◆ **WORK ITEM**: Begin at the first line of the data and copy each line through the one containing "本项目基地位于泉州市东海行政", that line included, with no pictures.

◆ **DATA SECTION**:

_ _ _ _ _ _ _

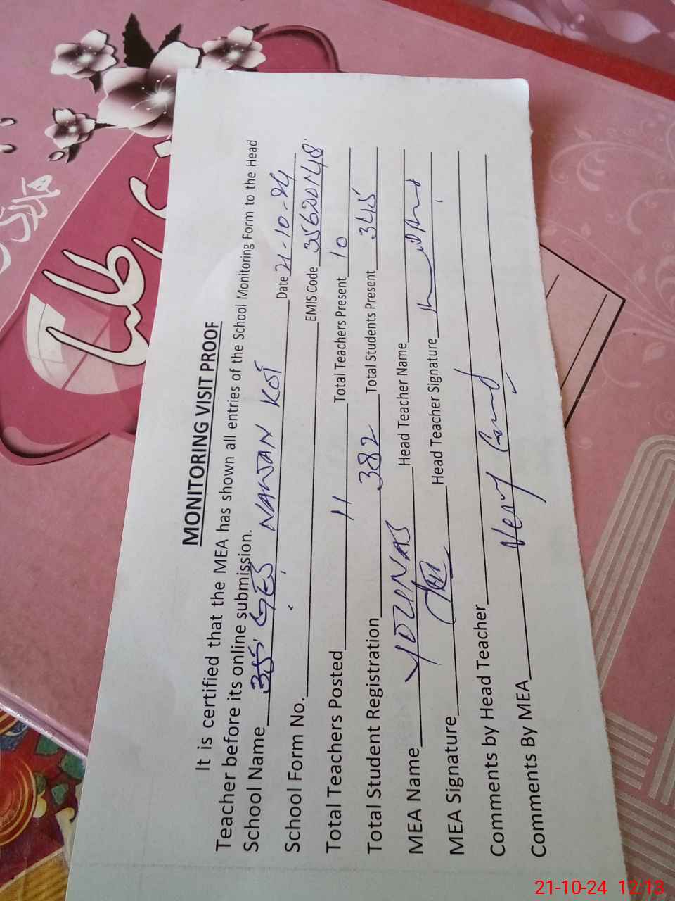 | Attendance Register | Head Teacher | MEA with School | Visit Proof |
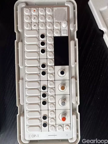 En OP-1 Field, lite över ett år gammal, använd flitigt i hemmet men inte mer än så. Jag går nu all Logic och lämnar min sista hårdvara bakom mig.
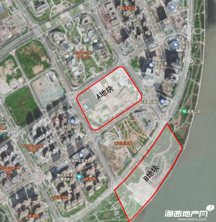 本项目基地位于泉州市东海行政中心商务轴,城市空间策划范围和建筑设计范围为A、B两地块,总面积为21.96公顷。A地块北至大兴街,南至港湾街,西至府西路,东至府东路,南北长约255米,东西长约391米,占地约9.57万平方米。B地块北至丰海路,南至泉州湾,西至府西路,东至府东路,南北长约204米,东西长约624米,占地面积约12.39万平方米。
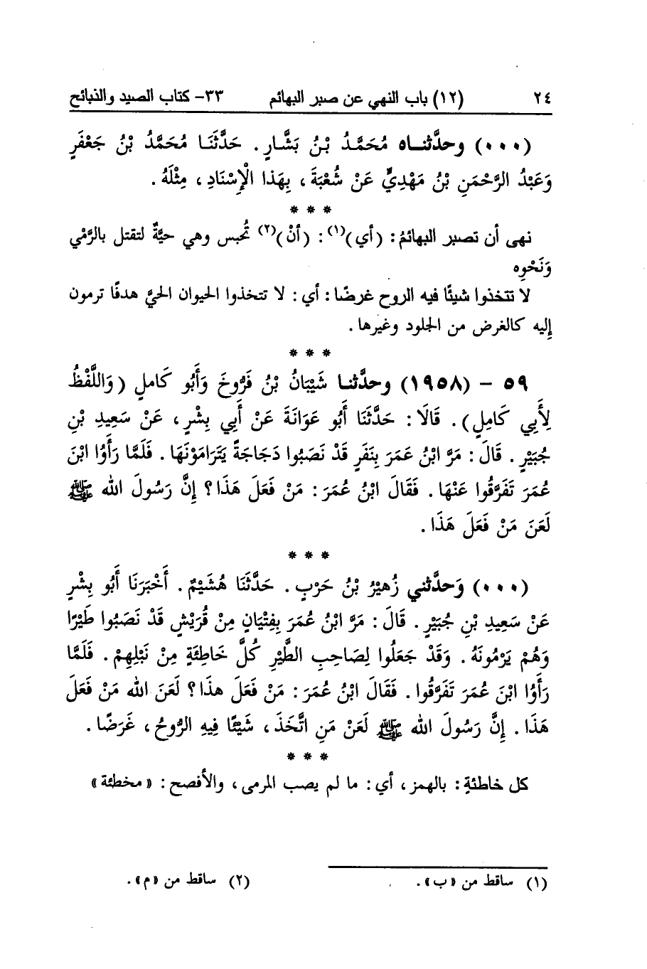 [1957] نهى أَن تصبر الْبَهَائِم أَي أَن تحبس وَهِي حَيَّة لتقتل بِالرَّمْي وَنَحْوه لَا تتَّخذ شَيْئا فِيهِ الرّوح غَرضا أَي لَا تَتَّخِذُوا الْحَيَوَان الْحَيّ هدفا ترمون إِلَيْهِ كالغرض من الْجُلُود وَغَيرهَا
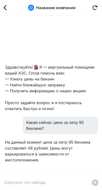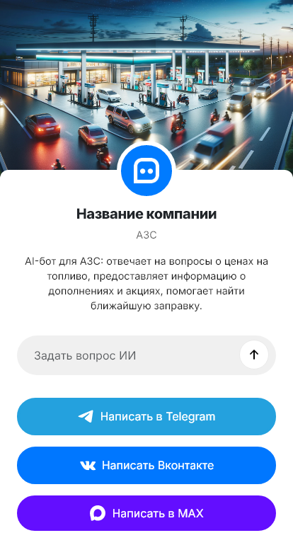 На АЗС клиенты обычно спешат. Им важно быстро понять, какие виды топлива есть, есть ли дизель в наличии, какие цены, как работает бонусная программа, где можно помыть машину, есть ли магазин и кафе, как оплатить через приложение, что делать если терминал не принял карту. В пиковые часы сотрудники не успевают отвечать на вопросы в сообщениях, а часть клиентов уезжает к конкурентам, потому что не получила ответ вовремя.
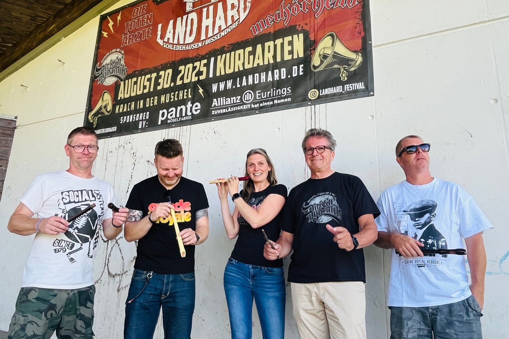 „Blockflötenklänge wird es am 30. August sicherlich nicht geben!“, betonen die Macher des "LandHard" Festivals unisono, als sie mit Bürgermeister Guido Halfter für ein entsprechendes Foto posieren.
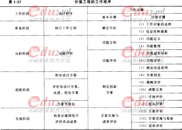 價(jià)值工程的工作程序見表1-31。
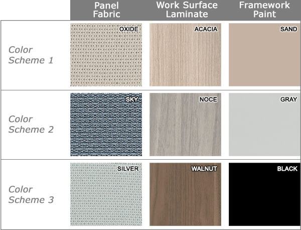Please consider all factors influencing color perception when choosing panel fabric, work surface laminate, and trim paint colors. Natural or artificial light, time of day, and surrounding hues in your office environment, all can influence one's visual perception of color.
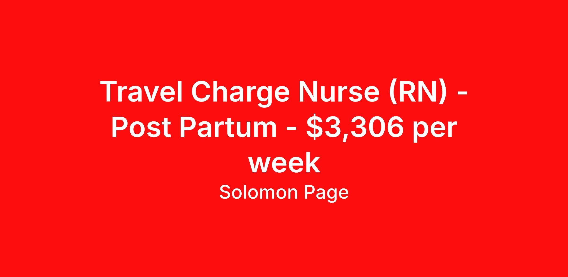 Solomon Page is seeking a travel Post Partum Charge Nurse (RN) for a travel nursing job in Salinas, California. Job Description & Requirements Specialty: Post Partum Discipline: RN Start Date: 03/23/2026 Duration: 13 weeks 40 hours per week Shift: 10 hours, rotating Employment Type: Travel Our client is looking to add a Registered Nurse to their team. Job Details: Location: Salinas, California Duration: 13 Weeks Start Date: 03/23/2026 Shift: 4x10 Rotating Estimated Gross Weekly Pay: 3306 Qualifications: Current California license Excellent interpersonal skills including patience, empathy, and compassion Effective communication skills, including active listening, writing, speaking and reading comprehension Fast and adaptive problem-solving abilities Ability to stand for long periods of time If you meet the required qualifications and are interested in this role, please apply today. Why Work with Us The success of Solomon Page is defined by our people. Offering a comprehensive benefits package, travel nurses have immediate access to medical coverage and ReviveHealth virtual care. Additionally, you are offered access to dental and vision coverage, commuter benefits, a 401(k) plan, flexible spending, referral bonuses, ongoing training, and more. As an ESOP company, Solomon Page offers an employee stock ownership plan to all consultants. As a member of our traveler community, you will join a nurturing culture that fosters your career goals. Solomon Page can connect you with your next opportunity – whether it is in your hometown, or you are looking to travel to a new destination. About Solomon Page Healthcare & Medical Staffing Accredited by the Joint Commission with the Gold Seal of Approval, Solomon Page prides ourselves in developing long-term relationships with healthcare providers based on trust and respect. Our experienced Healthcare and Medical Staffing experts are committed to providing safe and quality patient care through our wide network of travel nurses, locum tenens, and allied resources. For more information and additional healthcare opportunities, visit: solomonpage.com and connect with Solomon Page on Instagram, Facebook, Twitter, LinkedIn, and TikTok. Solomon Page Job ID 431538. Pay package is based on 10 hour shifts and 40 hours per week (subject to confirmation) with tax-free stipend amount to be determined. Posted job title: nurse - rn - postpartum - charge nurse | salinas, california About Solomon Page Founded in 1990, Solomon Page has grown to be a leader in the staffing industry. As a member of our healthcare provider community, you will join a nurturing culture that fosters your career goals. We have the network and resources to connect you with your next opportunity – whether it is in your hometown, or you are looking to travel to a new destination. Accredited by the Joint Commission with the Gold Seal of Approval, Solomon Page prides itself in developing long-term relationships with healthcare providers based on trust and respect. Headquartered in New York with offices throughout the United States our experienced healthcare and medical staffing experts are committed to providing safe and quality patient care through our wide network of travel nurses, locum tenens, and allied resources. For more information and additional healthcare opportunities, visit: solomonpage.com /healthcare and connect with us on Facebook , Twitter , Instagram , Tik Tok , and LinkedIn. ReviveHealth Virtual Care: Available immediately. Receive free, 100% company paid, virtual care access. Upon commencement of your employment, Solomon Page offers automatic enrollment into ReviveHealth, which offers concierge, membership-based access to virtual primary care, urgent care, mental health therapy, a vision program, and prescription medications. Medical Coverage : Available immediately . Whether you are looking to enroll in single or family insurance, you have immediate access to quality coverage. Dental Coverage : Available the 1st of the month after your hire date . We offer dental insurance to you and your dependents. Vision Coverage : Available the 1st of the month after your hire date . We offer vision insurance to you and your dependents. Commuter Benefits: Available the 1st of the month after your hire date . Set aside pre-tax money to pay for public transportation. 401K Plan: Associates can enroll in the 401K plan after they have worked 1000 hours. ESOP Benefits: As an ESOP company, Solomon Page offers an employee stock ownership plan. Referral Bonus: A cash bonus is offered for referring a candidate to Solomon Page who gets placed. Training & Support: Training programs and ongoing career coaching and support is offered to consultants. Benefits Medical benefits Dental benefits Vision benefits 401k retirement plan Referral bonus

_ _ _ _ _ _ _

◆ **SOLUTION TO THE PROBLEM**:
 | Attendance Register | Head Teacher | MEA with School | Visit Proof |
 En OP-1 Field, lite över ett år gammal, använd flitigt i hemmet men inte mer än så. Jag går nu all Logic och lämnar min sista hårdvara bakom mig.
 本项目基地位于泉州市东海行政中心商务轴,城市空间策划范围和建筑设计范围为A、B两地块,总面积为21.96公顷。A地块北至大兴街,南至港湾街,西至府西路,东至府东路,南北长约255米,东西长约391米,占地约9.57万平方米。B地块北至丰海路,南至泉州湾,西至府西路,东至府东路,南北长约204米,东西长约624米,占地面积约12.39万平方米。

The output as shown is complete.